If you don't have three-prong plugs, you may have a hot/neutral reversal, (possibly electrician time again), bad isolation capacitors in one of the power supplies (electrician won't likely fix that), or something else.

Either way, you should be using three-prong plugs with properly grounded outlets.

November 21st, 2014, 06:22 AM
I am using 3 Prong Plugs for the monitor and the machine.

Both are plugged into a grounded surge protector that goes into a properly grounded outlet and I did not plug the monitor into the PC...

Any other machine plugged into that same surge protector has no issues and I feel no electricity on the case(s). Even with just one machine plugged in to test (my 286) there were no issues...

Any info on the Hard Drive noises?

November 21st, 2014, 08:51 AM
Somewhere, your ground is not working, else you'd not have enough potential difference between the grounds to feel it. But, not only is the ground not working, there's also a ground fault, which is probably a line filter cap in one of the power supplies.

November 21st, 2014, 11:22 AM
I have plugged in a few other machines to the same surge protector and don't feel any current…just the 5160..

How would I check for ground faults?

November 21st, 2014, 12:55 PM
Firstly disconnect all the cables from the PC / Monitor (including power cables, CGA cable, Keyboard etc etc) and remove the cover from the 5160. Using a multimeter check the continuity between the ground pin on the 5160 power supply (the male 'center pin' that isn't parallel with any of the others) and the conductive case of the POWER SUPPLY. It should be something like 0 ohms or close to it (anything < 1ohm is fine).

Now check the continuity between the ground pin and somewhere else on the case that is conductive. One of the screws that holds in an expansion card should be fine. Also check the continuity from the ground pin to the CGA card support where you felt the shock. All should be nearly zero ohms (<1ohm is fine).

Now grab your unplugged surge protector and check the continuity from the earth pin that goes into the power point and the earth pin on the other side. Should be zero or close to it....

Finally check the earth continuity of the unplugged IEC power cord from the power plug itself to the IEC connector; again it should be almost zero ohms.

If any of these don't pass the test post up your results. Rectifying earth faults of this nature are pretty easy.

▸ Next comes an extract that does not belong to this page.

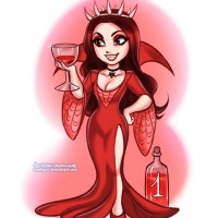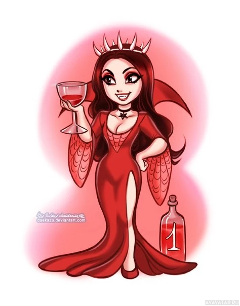 a cartoon character dressed as a vampire, wearing red clothing with wings and a crown. She is holding a glass of wine and has

If all of these tests pass I would suggest you have a floating ground circuit in your house. The fact that you didn't feel anything when you touched your other machines just means that they leak less current than the 5160. It's not a safe thing and I would get an electrician to fix the earth bond ASAP.

November 21st, 2014, 01:03 PM
Also do you have an RCD (or I think you might call it a GFI or Ground Fault Interrupter) installed in your house?

November 21st, 2014, 02:13 PM
I am not sure we have one. The outlet I installed was not GFCI outlets...

I have tried like 8 machines with no current felt outside the 5160

I am going to pull down the outlet I put up and check it's grounded again as I know it was when I put it in

Is there an east way to check the grounding on an outlet with a multimeter?

November 21st, 2014, 04:20 PM
I would start with the basic grounding tests on the 5160 first. There is a possibility of a ground fault inside the power supply.

Yes it is possible to test the ground of the outlet with a multimeter.... however if you are not familiar with high voltage I would suggest against it. Also you will need a decent multimeter which I would suggest is at least cat III rated. I have had a cheap one explode in my face (literally) because I accidentally had it set to current instead of voltage. A good Cat III meter will not do that. Secondly a cheap meter is not rated to mains voltage and it will explode in your face. Also your probes need to be PERFECT, any insulation defects will electrocute you. Seriously do not attempt this if you are unsure.

But for the sake of argument set the multimeter to AC VOLTAGE. If your powerpoint is wired correctly you should be able to measure 115V RMS between the active and ground. There should be nearly zero voltage between the neutral and ground. Active-Neutral should again be 115V RMS. If you get < 115RMS between active/ground then you have a problem. Likewise if you measure a significant voltage from neutral to ground.

November 21st, 2014, 04:50 PM
I'd start with a receptacle tester. $5 at Walmart (http://www.walmart.com/ip/GE-3-Prong-Receptacle-Tester/16561511). You should have one in your toolbox anyway. You'd be amazed at the number of nutty installations that you'll find, even in a new house. Missing ground, reversed polarity being two of the more common.

In the US, you'll often find the ground and neutral wires connected together in the breaker box. That's okay, but a good earth ground is necessary. Some places allow connection to a buried cold-water pipe, but many require a ground rod. (NEC requires this). If that ground isn't really good, yes, you can get all tingly.

November 22nd, 2014, 05:42 AM
OK, the wall outlets are all good…verified they are all grounded and powered fine with the multimeter…I actually have a really nice one so easy to make sure things are set right (AC) and all was well / grounded appropriately. That HAD to be a mess when it blew up on you!

Next step is to check the machine, and go over the steps 3pcedev and others gave on the 5160 itself.